我立马跟照碧海对视了一眼,他便化作一缕青烟,飞回了阴阳扇中。
“谁啊?”
确认了照碧海已经回到了阴阳扇里,并且房间里已经没有了他的气息之后,我才开口问道。
“闫静,开门。”
我愣了愣,脑子里的思绪瞬间翻转万千,也想不出这个冰霜一样的女人,为什么会在这大半夜里来敲我的房门……
当然,我可不会自恋到她是想要跟我发生什么,甚至我还有些担心,这个女人是不是想要找茬。
不过闫静现在的身份是我的队长,总不能拒人于千里之外。
我将房门打开问道:“有事吗?”
闫静抬头看了一眼房间里面:“进去说。
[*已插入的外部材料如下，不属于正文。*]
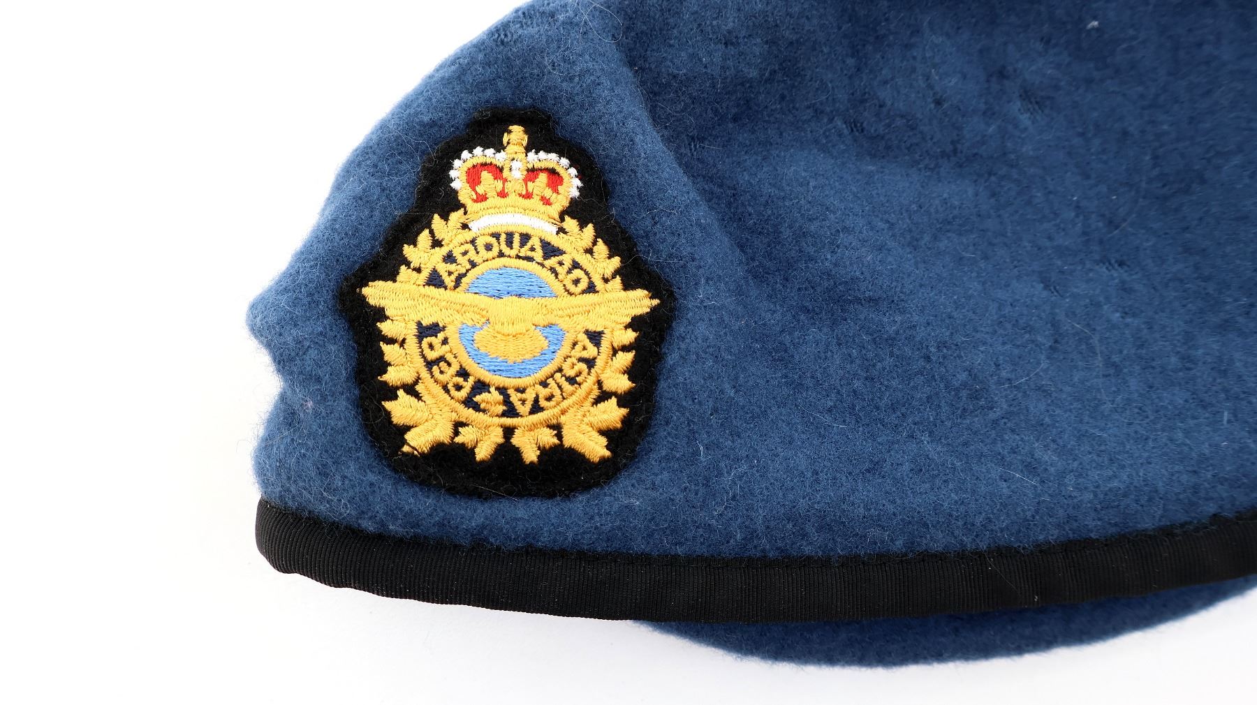 APPROX. (18) PIECES, VARIOUS SIZES / COLOURS / MATERIALS, INCLUDES; TRAINED AVIATOR SLIP-ON, BASIC AVIATOR SLIP-ON, CORPORAL SLIP-ON, MASTER CORPORAL SLIP-ON, CANADA FLAG BADGE, CORPORAL RANK CHEVRON, RCAF BLUE WOOL BERET, ETC. SEE PHOTOS.

”
说完,闫静就要往我房间里走。
不得不说,有那么一瞬间,我的确是想歪了一点,暗暗有些惊讶,难道闫静这冰山美人是外冷内热,还非常奔放的那一种?
但是下一秒,想到闫静折磨史兴腾的那些手段,我就自己否定了自己的这种想法。
哪个男人要是落到她的手里,那就得随时防备被她给控制了心神,完完全全变成一个傀儡的话,还不如打一辈子光棍算了……
于是我想都没想,就一把拉住了她。
被我挡住去路的闫静显然也非常意外,无比诧异的神情从她的眼中一闪而过,有些不明所以的看着我。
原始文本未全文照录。